In response to a news item on AOL about proposed ban in Texas on "sexy" high school and college cheerleading:

American athletics are a bizarre mix of Edwardian notions of health and purity, mid-century Dionysian hedonism and postmodern consumer culture. Cheerleading used to be a male province: peppy yet manly young fellows in sweaters with megaphones encouraging otherwise staid crowds to raise their voices in support of the Team. Later, co-eds, in similarly wholesome attire performed in quasi-military excercises for the same purpose: it's remarkable to note that cheerleading squads didn't become a regular feature of American High School life until the 1950's, when female athleticism, with its uncomfortable taint of lesbianism and gender transgression, was downplayed in favor of less threatening and more ornamental pursuits. Since then, the African-American community, the mainstreaming of erotica in American media, queer theory, and feminism have all left their mark. Now that the pendulum has swung back towards restraint, let's take a look at what we're dealing with.

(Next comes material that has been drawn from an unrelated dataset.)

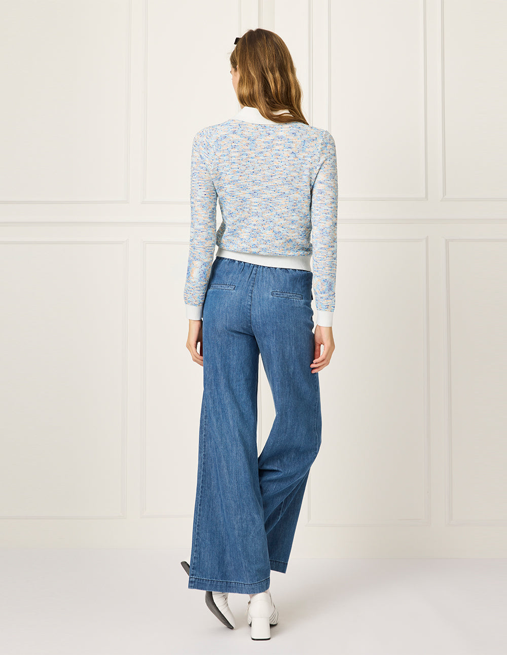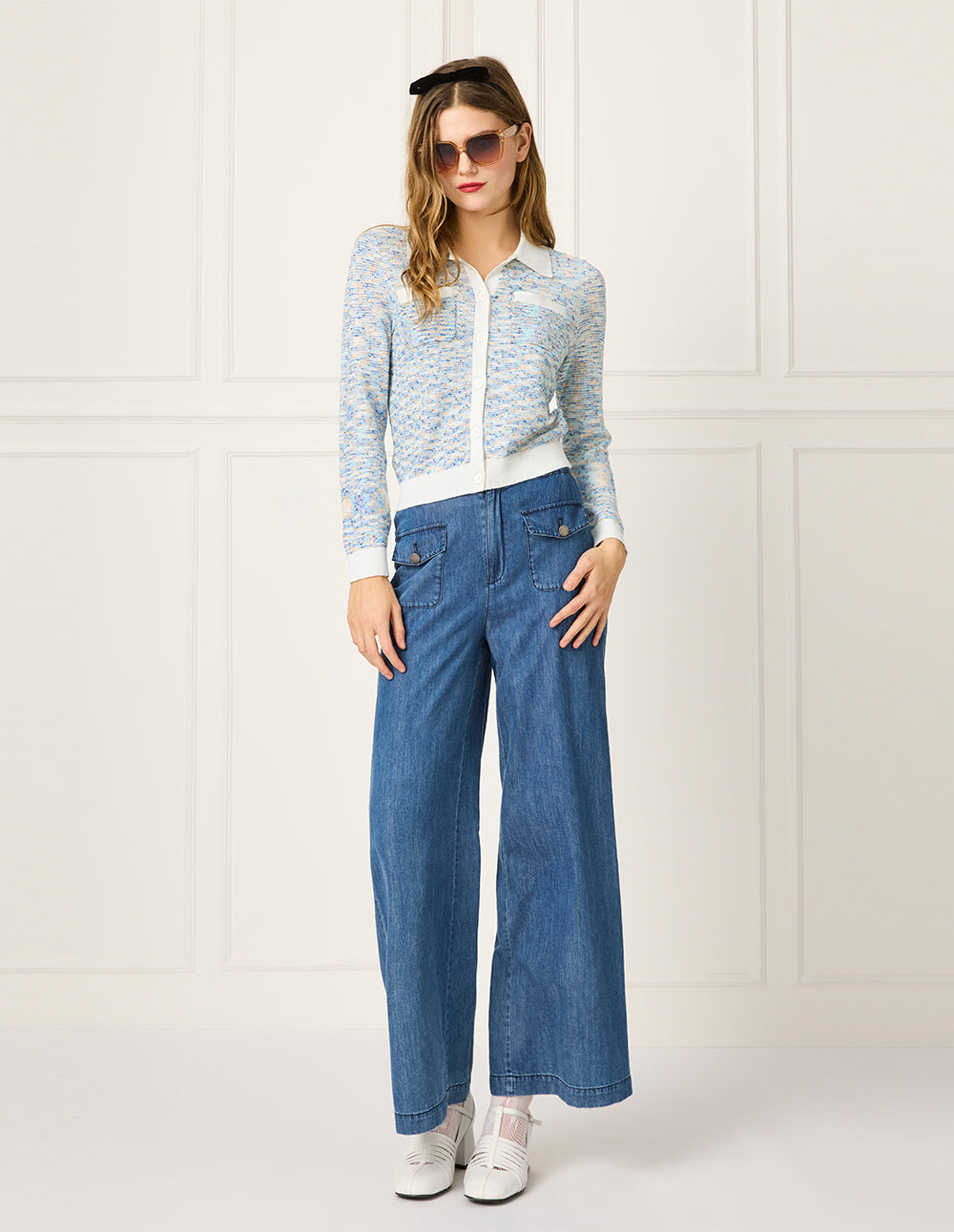 This knitted cardigan is crafted in a fresh, elegant sky blue with white panels, featuring smooth, clean tailoring for a fitted silhouette. Water-beaded yarn adds a subtle delicate touch, while the fresh color and simple cut make it a spring wardrobe MUST-HAVE.

At base, we have young women whose bodies are at the ideal age to reproduce, packaged and displayed in such a way as to evoke both sexual readiness and erotic innocence. (A cheerleader, in the popular mind, might neck and pet with her affianced, but she would never be a sexually frigid divorced single mother of two, a happily mated lesbian, or lustily turning tricks at a massage parlor, Debbie Does Dallas notwithstanding.) There's a certain suspension of belief operating here: although they may be displaying large amounts of leg, breast, and buttock, high-kicking, turning cartwheels, doing splits, piling in pyramids, and posing provocatively, the assumption is that the girls really don't know what's happening under their true love's jockstrap (or in Daddy's shorts), what those pelvic gyrations are really used for (other than horseback riding), or what that funny feeling really is that they're getting where they get their period. (Indeed, since many classic cheerleading moves would not have been out of place at a 'parlor show' in a bordello, the only reason why girls of good report can do this is because this is in public as part of a 'family' spectacle.) Since, at that age, their erotic responsiveness is not yet fully developed, and part of the whole idea of higher education is to delay childbearing in favor of readying young folk for careers, this has been a fairly equitable agreement, allowing whatever latent homoerotic impulses that have been built up watching well-developed virile young men in quasi-warfare to be safely discharged at halftime in an a wholesomely heterosexual manner.

However, we live in an age where most young people have seen Madonna grab her crotch, heard Britney Spears warble about the joys of sado-masochism, and have been exposed to urban African-American culture, where motherhood often comes before full adulthood, not at its peak, and sexual naivite is often a weakness, not a strength. It is difficult to maintain both the polite fiction that nothing sexual is going on, and that these are merely healthy, intelligent young women putting on an athletic display. Nor would it be easy, when all's said and done, to jam the squirming cat back in the bag.

However, I believe that legislation is pursuing the wrong angle. Given the nature of the beast, it would be next-to-impossible to mandate whether, say, a routine done with Hula-Hoops was not "erotic" or an adaptation of an African dance (originally meant to train the body, not only for battle, but the pleasurable conception of new warriors) was merely intended as an "ethnic" piece. Perhaps it means that the time has come to define cheerleading in terms of a period of lost innocence, the way that barbershop quartet singing is, or Gilbert & Sullivan, or to split the field into two (or more) differing styles. (Clearly, no one expects the women associated with professional teams, such as the Dallas Cowboys, to be virginal.) I cannot say. But I hope I've clarified things.